De pronto me vi aterrizando en el anticuado aeropuerto de Heathrow. Conmigo iban José Aníbal Maestri, decano de la prensa cubana; Enrique Labrador Ruiz, que representaba al Diario Nacional; Enrique Grau Esteban, por el conservador Diario de la Marina. Nos encontramos con una Gran Bretaña austera. En las calles, sobre todo en la City, quedaban las huellas de los bombardeos. Nos recibió un esbelto ex alumno de Oxford, Sinclair, cuya tarea era demostrar la amabilidad del gran anfitrión de Inglaterra. En Coventry tuvimos noticias del primer acto significativo de sabotaje ocurrido en Cuba. Nos paseábamos Enrique Labrador Ruiz y yo en torno a Lady Godiva, bellamente desnuda en la estatua ecuestre que le rinde homenaje, cuando vimos un periódico que anunciaba en grandes titulares que algo había estallado en América. Era La Coubre, el barco dinamitado en el puerto habanero.
Nuestro embajador en Londres estaba alarmado. Desde el día en que llegamos no nos ocultó su inquietud. ¿Qué pretendía el Gobierno cubano? En Londres reinaba la confusión tocante a lo ocurrido en Cuba, y él no podía aclarar nada. Procedía de las filas del Movimiento 26 de Julio, del grupo de Venezuela, y se dolía de la falta de información oficial. En la mesa del comedor de nuestra sobria Embajada, sentada aparte, una hermosa institutriz inglesa orientaba a la hija del embajador en los pormenores de una educación británica que meses después carecería de sentido para la niña y sus padres.

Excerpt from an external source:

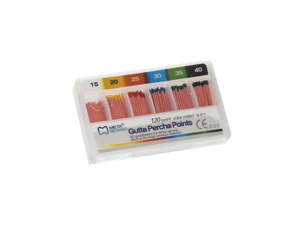 Velmi stabilní, pružné a přesto nelámavé guttaperčové čepy. Rentgenkontrastní. Kónicita 2%. Balení 120 ks.
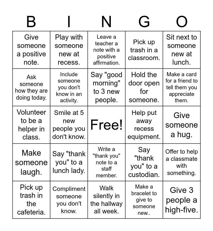 This bingo card has a free space and 24 words: Say "thank you" to a lunch lady., Compliment someone you don't know., Say "good morning" to 3 new people., Pick up trash in the cafeteria., Sit next to someone new at lunch., Give someone a positive note., Ask someone how they are doing today., Play with someone new at recess., Help put away recess equipment., Write a "thank you" note to a staff member., Hold the door open for someone., Volunteer to be a helper in class., Say "thank you" to a custodian., Offer to help a classmate with something., Include someone you don't know in an activity., Make a bracelet to give to someone new.., Give someone a hug., Leave a teacher a note with a positive affirmation., Make a card for a friend to tell them you appreciate them., Smile at 5 new people you don't know., Give 3 people a high-five., Make someone laugh., Pick up trash in a classroom. and Walk silently in the hallway all week..

La breve estancia en Gran Bretaña me convirtió en el primer Jefe de Corresponsales de Prensa Latina en una capital europea. Las noticias que envié desde Londres (Gran Bretaña compraría toronjas cubanas en grandes cantidades; no permitirían que la contrarrevolución utilizara cayos británicos para lanzar ataques contra la isla) fueron publicadas en las primeras páginas de los periódicos cubanos. En Prensa Latina estaban radiantes. Mazetti me dijo: “El Che Guevara autorizó treinta mil dólares para que abras la oficina de Londres. Están puestos a tu nombre”.
No tuve que hacer gran cosa en Londres. Cuando pasó una delegación de periodistas cubanos por París, me pidieron que fuera a buscarlos. Guillermo Cabrera Infante estaba entre ellos. Me dijo: “Hay un tipejo en la delegación llamado Pastor Vega que afirma que has abierto la oficina de Prensa Latina en el mismo local de las agencias norteamericanas”. Lo que yo había hecho era abrir un pequeño despacho en Frarringdon Street, cerca de la Prensa Asociada inglesa, que se dedicaba a la información interna de Gran Bretaña y de cuyos servicios me beneficié más de una vez.
Mazetti, asediado por los viejos militantes comunistas, que insistían en dar a la agencia un carácter oficial, un equivalente de Tass en Cuba, estaba inquieto. Rodolfo J. Walsh, el jefe de servicios especiales, con quien yo mantenía relaciones muy cordiales, me llamó para decirme que la confusión suscitada por Pastor Vega aconsejaba mi regreso.
Dos hijas, la familia de nuevo a los aviones.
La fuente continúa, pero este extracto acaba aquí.